Выбрать главу

— Но как же… Вы знаете, служение это ведь не столько долг, за миску «Педи Гри», сколько…

— Что?

— Я буду служить своему Человеку даже, если он меня перестанет кормить. Но Человек на такое предательство не способен.

— Ещё как способен, — буркнул Полкан. Потом, улегшись, придавил передними лапами кость и принялся её грызть.

— Нет, вы не правы. Я был ещё совсем щенком, когда Человек меня взял к себе. Что говорить, маленький я был, глупый. Что только не творил! И лужи на его ковёр делал, и ботинки дорогие портил! Страшно подумать! А он мне всё прощал. Мячики покупал, ёжика резинового… — Руди снова широко улыбнулся и его глаза засияли нескрываемым обожанием. — А бывает, знаете… сядет вечером в кресло, возьмёт мою морду в ладони и говорит: «Руди, Руди, дурашлёп ты мой! Всё понимаешь. Только ты и понимаешь…». А у самого глаза такие грустные. И жалко его, хоть вой! А я ведь, правда, понимаю. Плохо ему бывает. А без меня и вовсе пропадёт. Нет, я умереть готов за Него!

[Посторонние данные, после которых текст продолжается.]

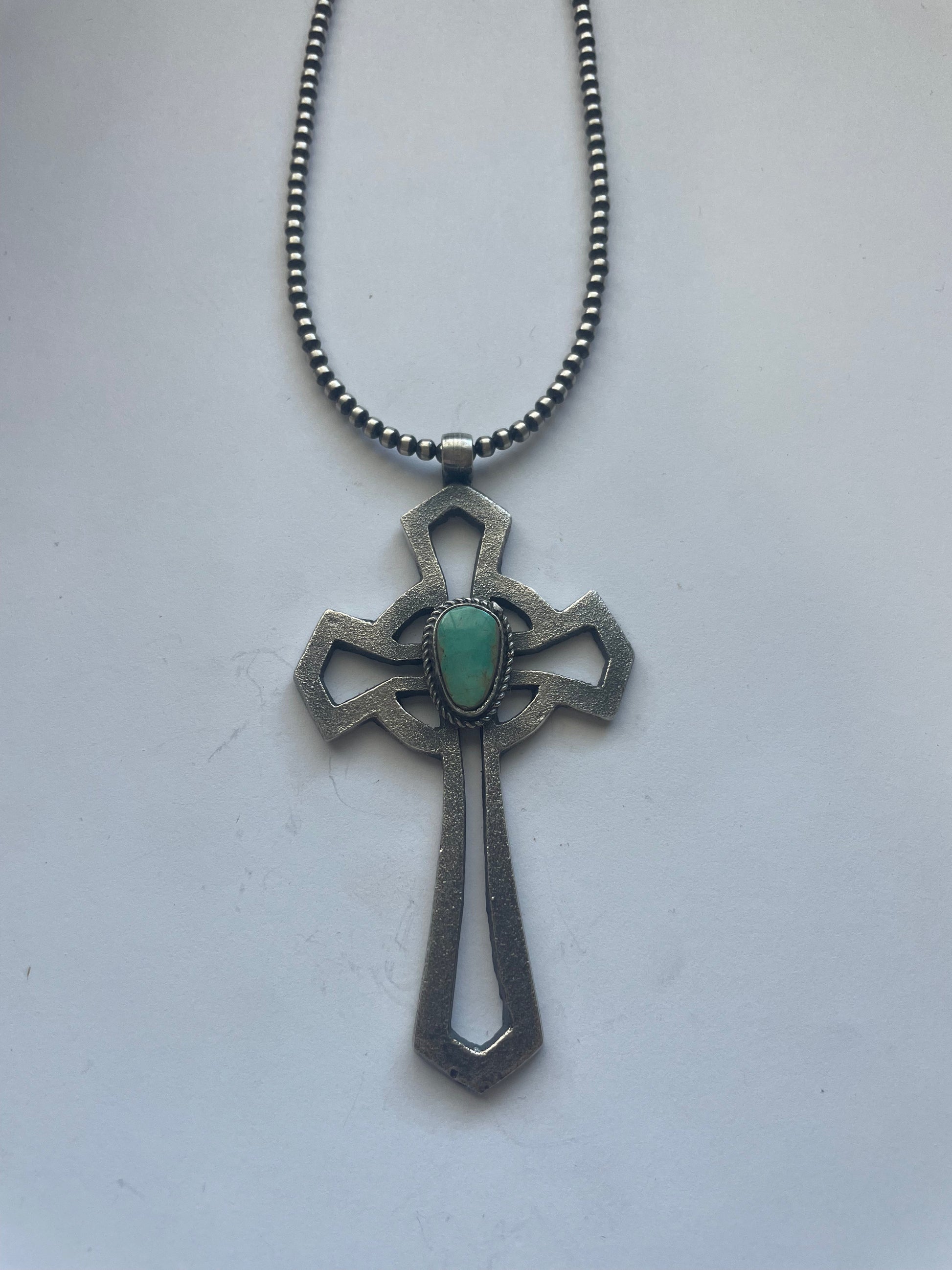 Gorgeous Sterling Silver & Turquoise Cross Pendant. The Cross is 3.5 inches long and 2 inches wide . Cross Pendant only. Stamped Sterling & Signed by the artist Eugene Mitchell.

— Пропадёт он, жди! — проворчал Полкан. — Я вот тоже таким идиотом был, думал, пропадёт без меня. Дом сторожил, всю жизнь на цепи в холод, мороз и дождь. Чуть где стукнет, я на пост. Подох бы, а чужих в дом не пустил! И тоже, понимаешь, не за тарелку каши старался. Порвал бы за Него любого.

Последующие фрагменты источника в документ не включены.